[Stored items]

==============================

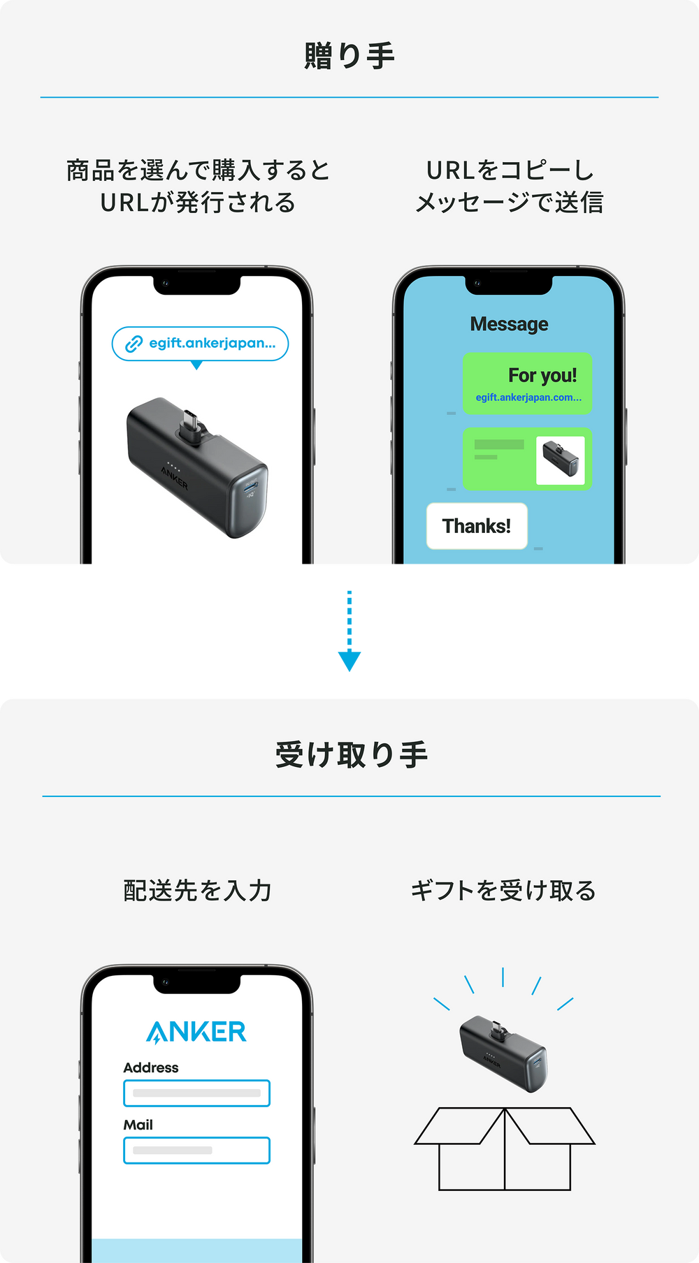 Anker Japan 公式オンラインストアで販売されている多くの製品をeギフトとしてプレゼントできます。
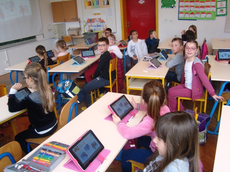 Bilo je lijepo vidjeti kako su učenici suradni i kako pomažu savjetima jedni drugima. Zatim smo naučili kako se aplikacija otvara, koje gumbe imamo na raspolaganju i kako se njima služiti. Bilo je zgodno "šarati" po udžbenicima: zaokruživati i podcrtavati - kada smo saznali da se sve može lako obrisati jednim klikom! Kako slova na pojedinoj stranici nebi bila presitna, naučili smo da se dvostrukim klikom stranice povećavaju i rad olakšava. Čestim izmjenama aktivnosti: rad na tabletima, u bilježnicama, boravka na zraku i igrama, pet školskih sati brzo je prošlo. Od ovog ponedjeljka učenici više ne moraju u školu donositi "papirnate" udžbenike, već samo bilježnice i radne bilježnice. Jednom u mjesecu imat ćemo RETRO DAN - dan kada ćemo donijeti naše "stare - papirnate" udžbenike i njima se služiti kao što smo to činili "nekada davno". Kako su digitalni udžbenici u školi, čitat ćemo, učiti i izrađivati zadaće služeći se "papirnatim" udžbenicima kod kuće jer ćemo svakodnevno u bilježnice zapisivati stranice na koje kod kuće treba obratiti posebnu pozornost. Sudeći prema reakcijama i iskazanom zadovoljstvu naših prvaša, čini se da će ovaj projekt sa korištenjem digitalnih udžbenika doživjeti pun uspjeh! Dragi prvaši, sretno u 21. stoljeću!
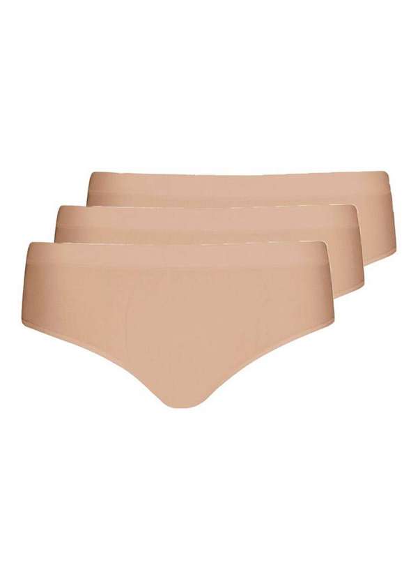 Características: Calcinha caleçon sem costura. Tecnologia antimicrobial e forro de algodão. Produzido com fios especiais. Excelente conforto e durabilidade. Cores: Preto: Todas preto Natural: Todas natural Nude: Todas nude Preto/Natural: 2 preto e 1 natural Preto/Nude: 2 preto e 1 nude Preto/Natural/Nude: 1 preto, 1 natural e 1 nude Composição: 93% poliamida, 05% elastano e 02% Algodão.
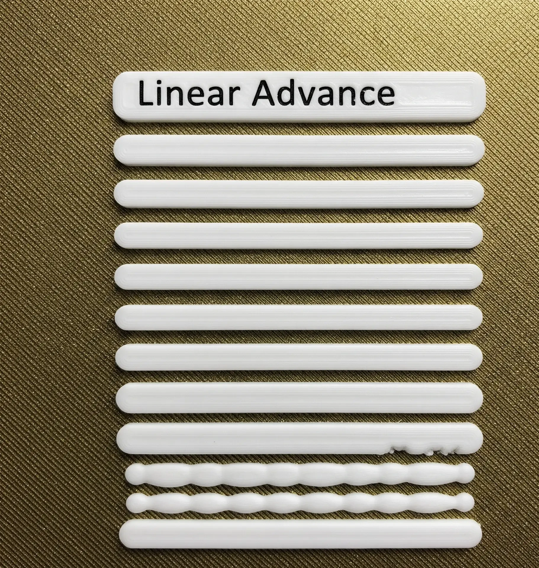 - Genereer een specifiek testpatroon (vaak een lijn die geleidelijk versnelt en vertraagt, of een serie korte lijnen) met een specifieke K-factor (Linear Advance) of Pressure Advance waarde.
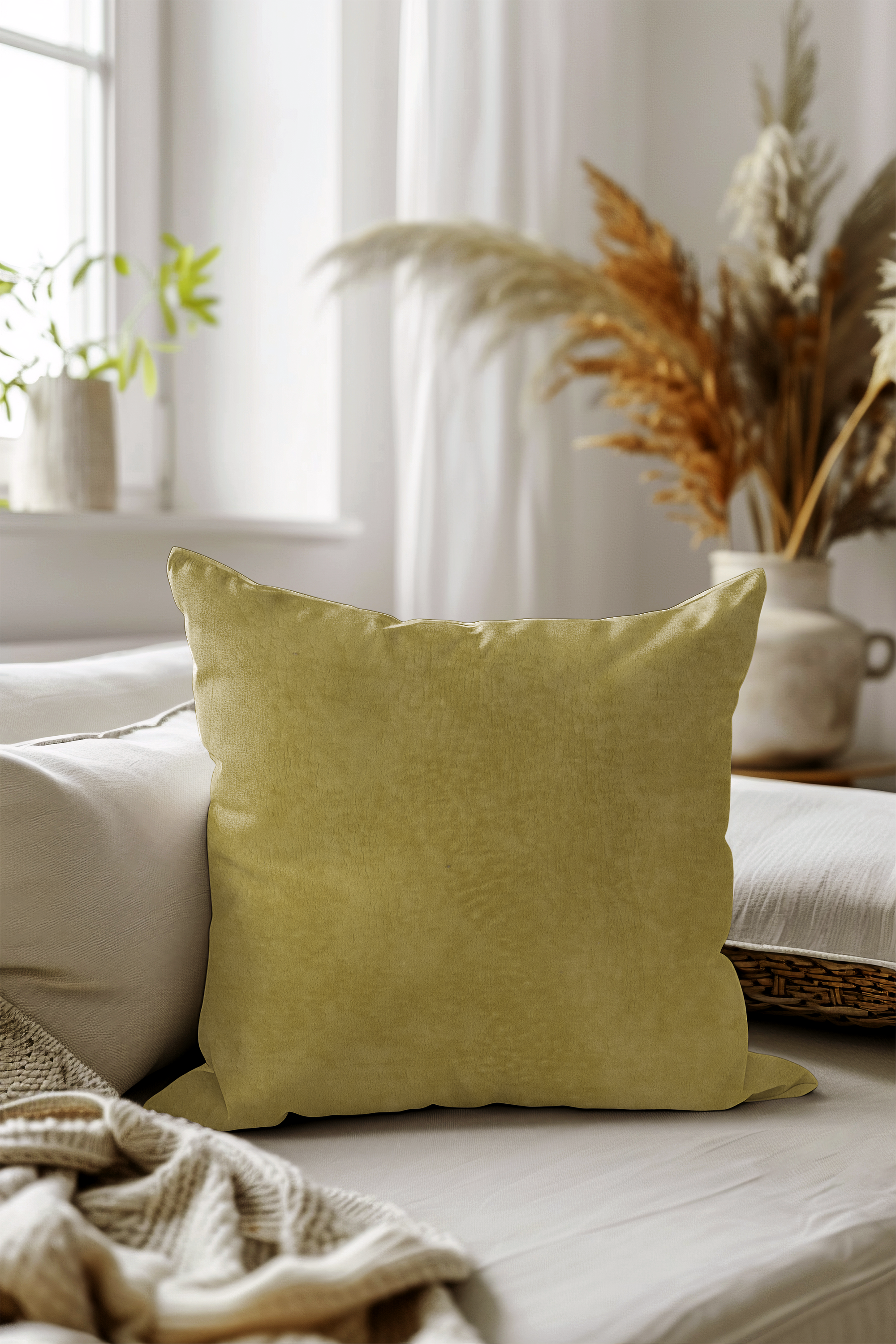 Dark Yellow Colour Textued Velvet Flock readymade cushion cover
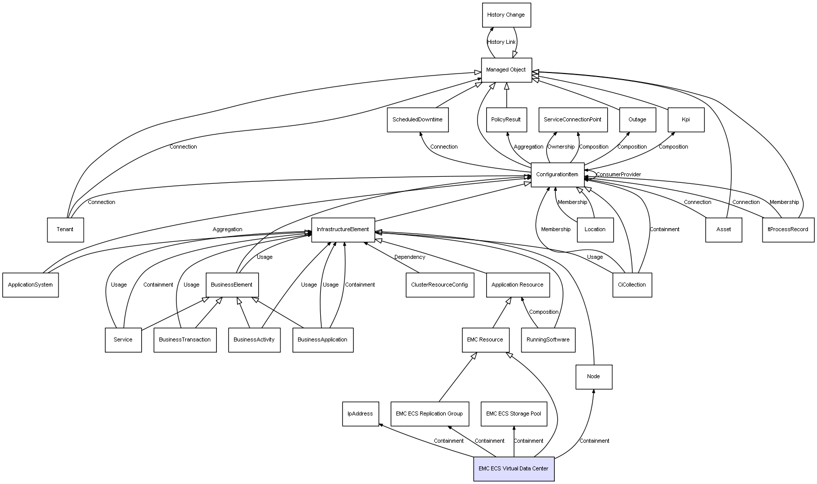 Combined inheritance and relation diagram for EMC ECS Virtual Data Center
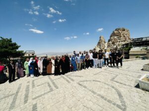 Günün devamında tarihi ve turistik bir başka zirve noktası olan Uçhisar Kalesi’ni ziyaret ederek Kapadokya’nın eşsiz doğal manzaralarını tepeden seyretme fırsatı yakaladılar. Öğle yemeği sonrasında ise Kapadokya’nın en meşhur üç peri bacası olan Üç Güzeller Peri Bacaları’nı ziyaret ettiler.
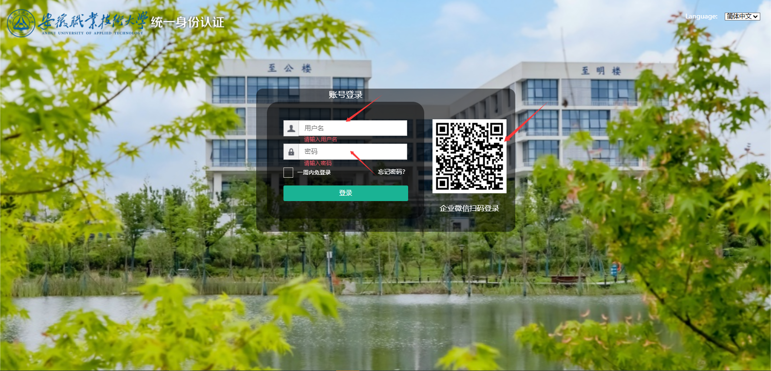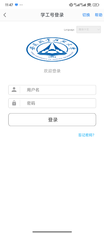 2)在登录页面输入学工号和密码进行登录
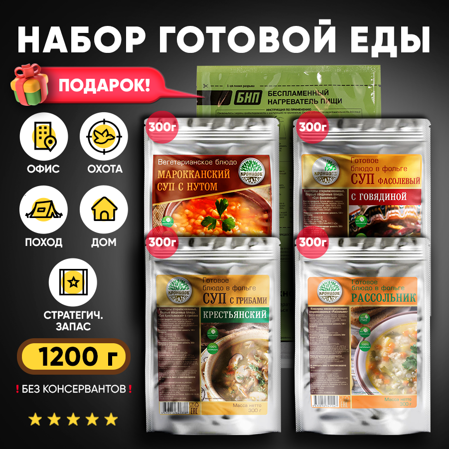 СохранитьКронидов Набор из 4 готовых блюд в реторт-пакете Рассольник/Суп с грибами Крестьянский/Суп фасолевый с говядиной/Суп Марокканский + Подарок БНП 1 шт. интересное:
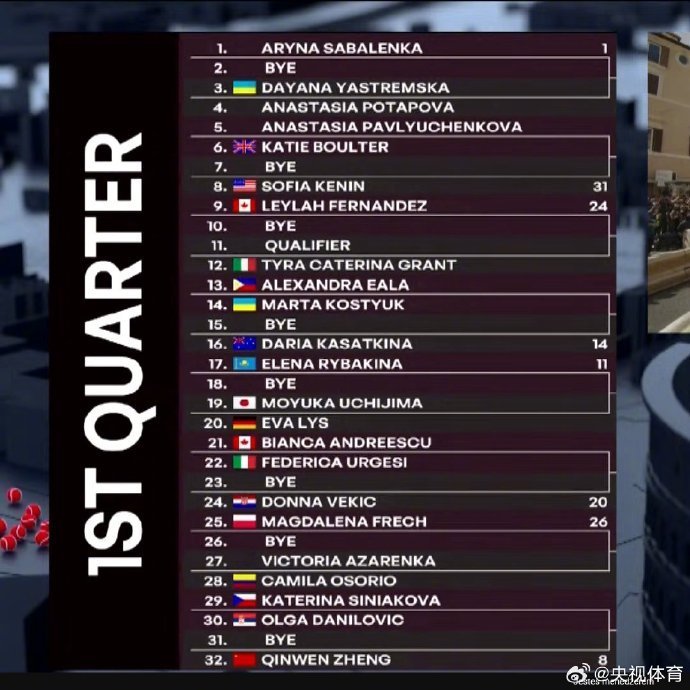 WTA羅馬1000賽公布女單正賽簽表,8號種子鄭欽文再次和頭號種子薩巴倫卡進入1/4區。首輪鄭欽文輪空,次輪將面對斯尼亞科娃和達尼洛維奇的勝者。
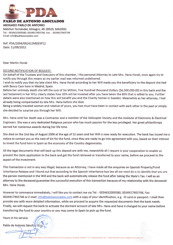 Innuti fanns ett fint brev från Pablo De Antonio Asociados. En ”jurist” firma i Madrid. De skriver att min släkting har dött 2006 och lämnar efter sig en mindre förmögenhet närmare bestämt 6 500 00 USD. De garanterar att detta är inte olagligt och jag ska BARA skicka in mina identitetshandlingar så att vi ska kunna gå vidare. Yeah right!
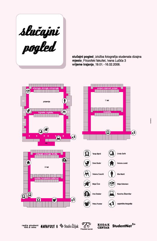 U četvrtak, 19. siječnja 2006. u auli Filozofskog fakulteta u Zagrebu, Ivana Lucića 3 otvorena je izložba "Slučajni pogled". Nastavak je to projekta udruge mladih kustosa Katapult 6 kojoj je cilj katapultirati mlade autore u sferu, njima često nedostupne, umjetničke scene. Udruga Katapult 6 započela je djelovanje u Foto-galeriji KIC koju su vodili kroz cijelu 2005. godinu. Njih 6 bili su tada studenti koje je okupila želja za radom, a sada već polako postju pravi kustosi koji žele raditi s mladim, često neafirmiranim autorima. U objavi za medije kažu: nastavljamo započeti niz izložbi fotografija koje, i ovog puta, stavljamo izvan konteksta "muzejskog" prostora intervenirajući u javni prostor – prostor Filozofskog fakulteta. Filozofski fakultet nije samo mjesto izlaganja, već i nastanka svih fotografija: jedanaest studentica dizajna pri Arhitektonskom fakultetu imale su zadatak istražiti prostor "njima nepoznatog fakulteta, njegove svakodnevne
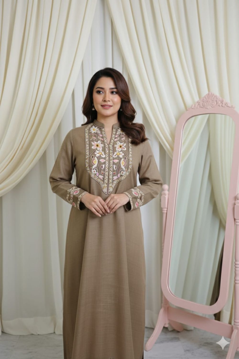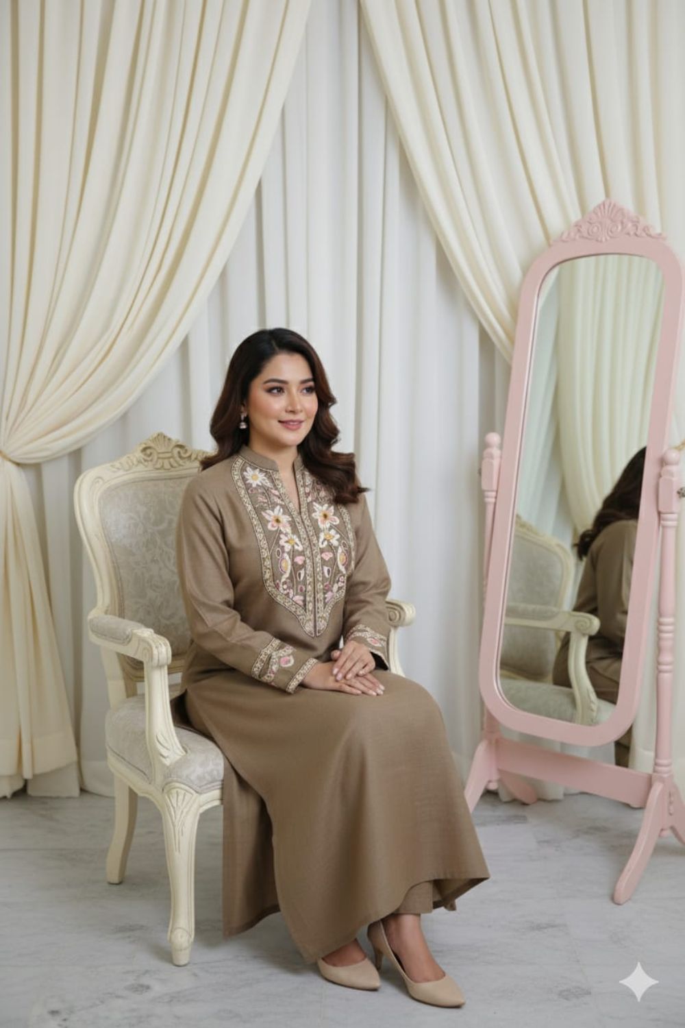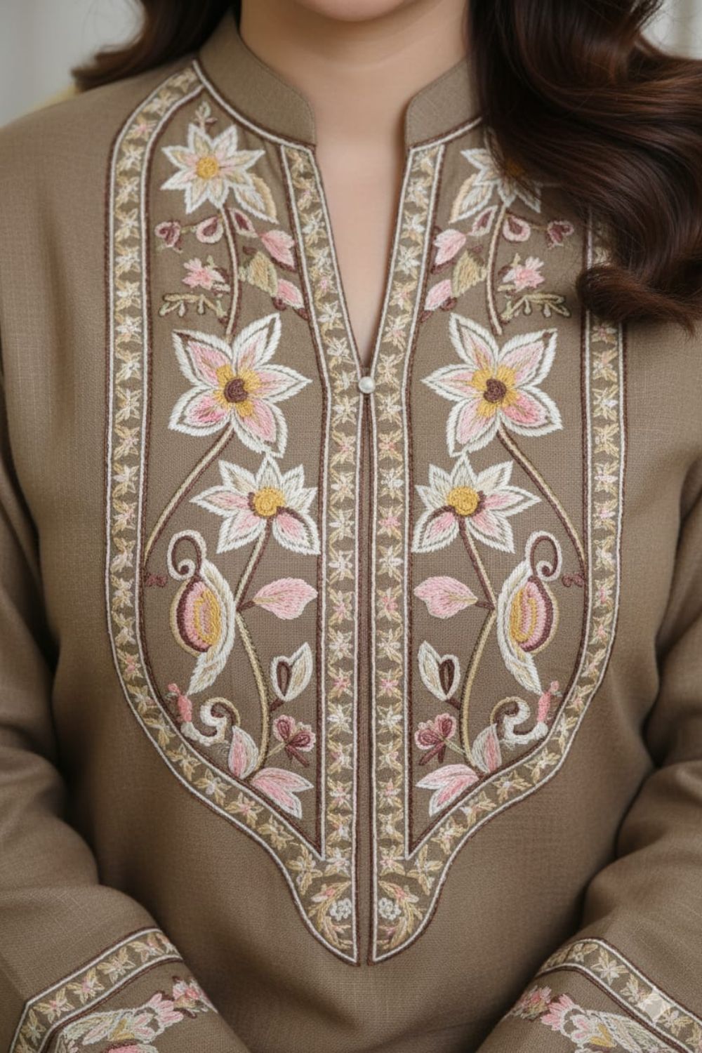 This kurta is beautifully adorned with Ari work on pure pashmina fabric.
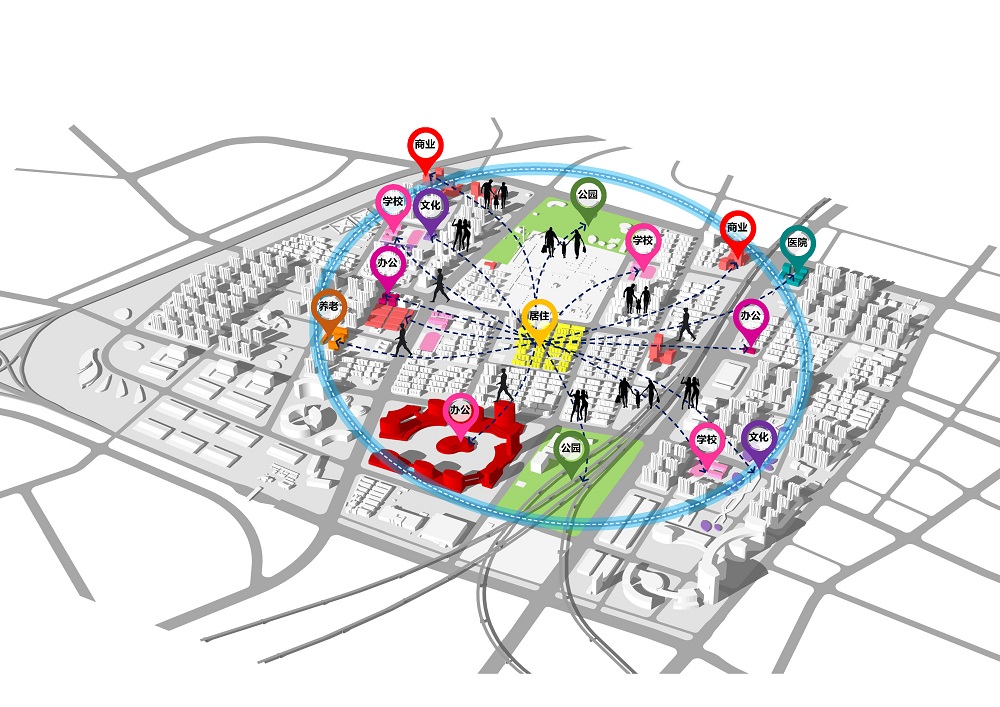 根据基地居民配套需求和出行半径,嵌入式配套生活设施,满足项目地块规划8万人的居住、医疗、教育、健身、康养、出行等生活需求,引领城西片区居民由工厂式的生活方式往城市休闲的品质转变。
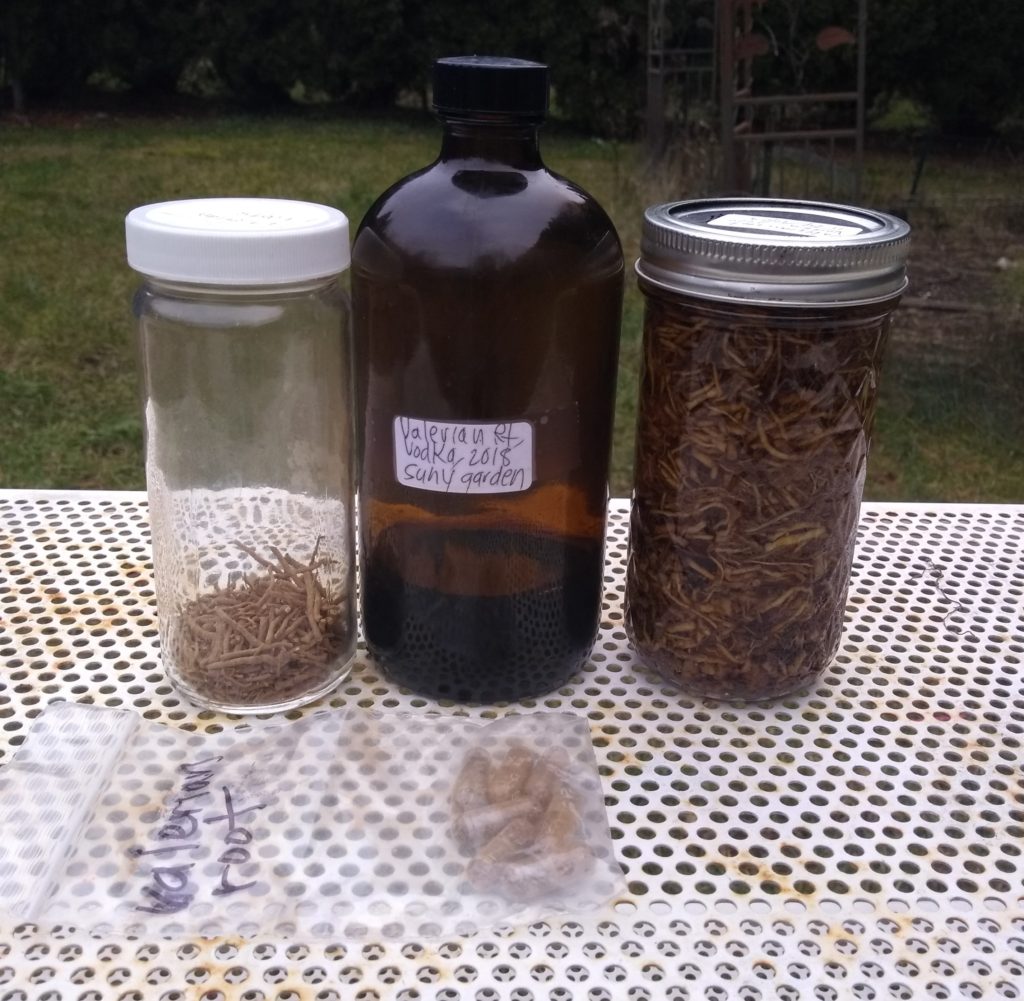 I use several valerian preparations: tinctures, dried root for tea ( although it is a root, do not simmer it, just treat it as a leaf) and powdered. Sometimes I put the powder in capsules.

==============================

--- Task statement ---
Beginning at the line above that contains "2)在登录页面输入学工号和密码进行登录" and going on through the line that contains "Innuti fanns ett", please copy every line exactly, leaving the pictures out and adding nothing.

--- Solution below ---
 2)在登录页面输入学工号和密码进行登录
 СохранитьКронидов Набор из 4 готовых блюд в реторт-пакете Рассольник/Суп с грибами Крестьянский/Суп фасолевый с говядиной/Суп Марокканский + Подарок БНП 1 шт. интересное:
 WTA羅馬1000賽公布女單正賽簽表,8號種子鄭欽文再次和頭號種子薩巴倫卡進入1/4區。首輪鄭欽文輪空,次輪將面對斯尼亞科娃和達尼洛維奇的勝者。
 Innuti fanns ett fint brev från Pablo De Antonio Asociados. En ”jurist” firma i Madrid. De skriver att min släkting har dött 2006 och lämnar efter sig en mindre förmögenhet närmare bestämt 6 500 00 USD. De garanterar att detta är inte olagligt och jag ska BARA skicka in mina identitetshandlingar så att vi ska kunna gå vidare. Yeah right!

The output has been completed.